Tuesday, January 17, 2012

LOST ART (cross stitch)

So these are for the Losties, or anyone else who likes cross stitch. Enjoy knowing intimate details of how I spend my time (when I'm not actually watching the show or other films). I'll now be accepting my nomination into genuine Nerd-dom.

We have to go back! 
1. LOST Island Map, 2009. 22 count. I spent the summer with this one. I love maps and flags, so it was only natural that I throw together a little sampler of my favorite island, right? I debated for a while about including the black and red hieroglyphics, and almost didn't do it, but I think the finished piece would really have been lacking without them as a border and I'm glad I went for it.
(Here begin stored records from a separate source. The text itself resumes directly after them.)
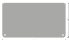
EM EXIT PICTO BLANK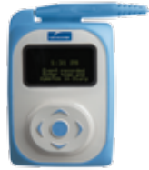
IQholter™, EX, EP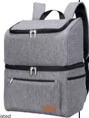
Lifewit Insulated Cooler Bag BACKPACK , $38, amazon.ca.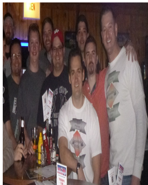
Basketball Friday, Spring 2015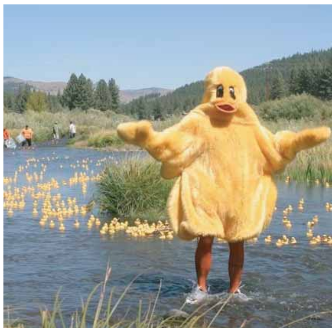
Rubber ducks fill the Feather River during the Portola Railroad Days "Lucky Duck Race"

If you have an opportunity to meet any of these hard working people, please be sure to thank them for their dedication to the organization and for giving of their time and sweat to make your Feather River Rail Society, and Western Pacific Railroad Museum, prosper.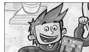
I am Grandma Star's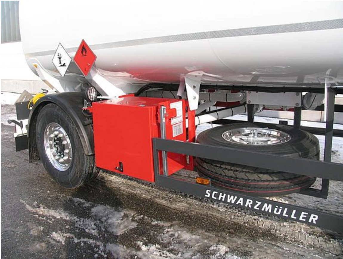
OPTIONAL: Facility for mounting spare wheel bracket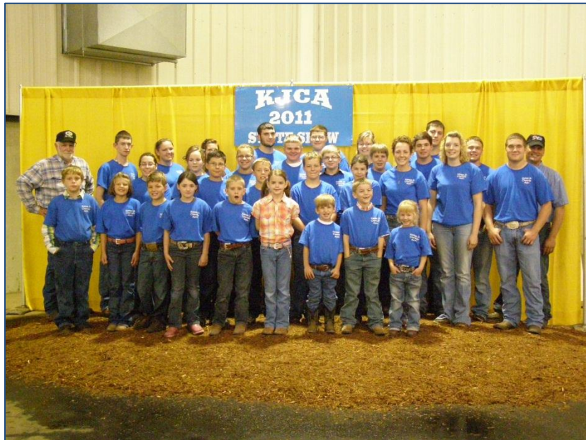
2011 State Show Participants

(Please see attached word document for complete listing of results)

I have no idea if the Dharma Stations are in the correct places, I patterned this after a map I found on DarkUFO.










2. Countdown to Death Hieroglyphics, 2010. Felt/embroidery.

I always felt that these were so ominous, only appearing briefly during the show's second season, but still---what they indicated turned out to be pretty major, right? For a while I used to refer to all chaos breaking loose inside my house as, "John Locke forgot to push the button." A great, great story line, wasn't it?



3. Moving On, 2011. 22 count.

There were hardly any decent (full) still images of the stained glass online anywhere, so I had to wait until I was able to get my own LOST box set to really plot this one out. It took a lot more work than anything else I've done---I changed the shape of the outline a bit, it's slightly more boxy than the real stained glass, and there was a pretty major oops on this one (bottom right yin/yang icon) that I took up after um, well, drinking a little bit one evening; you can probably see that it's slanted in a very non-circular way compared to the others, but hey. All part of the experience, I guess.


When I initially framed it, it was just the image on off-white fabric in the frame with the white mat, and something about it just didn't look right---too washed out or sterile or something, so I took it out a few weeks ago, cut the cross stitched image out and then stitched it onto the tan corduroy that it's in now and it looks much better. Does this do enough to cement and confirm that I absolutely loved the show's finale? I hope so.

4. Nine Dharmas, 2012. 18 count.

I originally wanted this to be a sort of tribute to not only the Dharma Initiative but also the blast door inside the Swan Station (that only John Locke sees during the lockdown) but once I got all of them finished, I just really liked the way they looked in a block arrangement so I kept them that way. I'll do a blast door, proper, in the future, don't worry.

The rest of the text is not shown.